Parsing is best-effort: malformed input yields the empty result for the
requested form (empty `Vec`, empty string, or `DateTime(None)`) — never an
error and never a panic.

## Design invariants

- **No JMAP dependency.** General-purpose MIME parser; no `jmap-mail-types`.
- **No S/MIME crypto.** `application/pkcs7-mime` and `application/pkcs7-signature`
  parts are treated as opaque binary leaves. Use `smime-tree` for S/MIME processing.
- **Best-effort parsing.** Malformed input yields a partial result plus
  `warnings`; only truly unparsable input (empty bytes, no headers) returns `Err`.
- **No async.** Synchronous only.
- **Byte ranges, not stored bytes.** The crate never retains the raw message bytes.

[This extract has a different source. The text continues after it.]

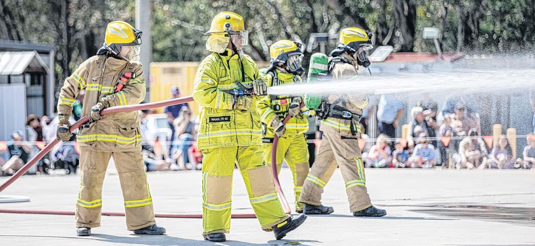 IN ACTION: Local firefighters, including (left) Ryan Cole and Chris Segrave, were among those to put their skills to work tackling a gas fire during Saturday’s 40th anniversary celebrations.

## Specification references

| RFC | Title |
|---|---|
| [RFC 5322]https://www.rfc-editor.org/rfc/rfc5322 | Internet Message Format |
| [RFC 2045]https://www.rfc-editor.org/rfc/rfc2045 | MIME Part One: Format of Internet Message Bodies |
| [RFC 2046]https://www.rfc-editor.org/rfc/rfc2046 | MIME Part Two: Media Types (multipart boundaries) |
| [RFC 2047]https://www.rfc-editor.org/rfc/rfc2047 | MIME Part Three: Encoded-Word in headers |
| [RFC 2183]https://www.rfc-editor.org/rfc/rfc2183 | Content-Disposition header |
| [RFC 2231]https://www.rfc-editor.org/rfc/rfc2231 | MIME Parameter Value and Encoded Word Extensions |
| [RFC 8621 §4.1.4]https://www.rfc-editor.org/rfc/rfc8621#section-4.1.4 | JMAP for Mail — body structure algorithm |

## License

Licensed under either of [MIT](../LICENSE-MIT) or [Apache-2.0](../LICENSE-APACHE) at your option.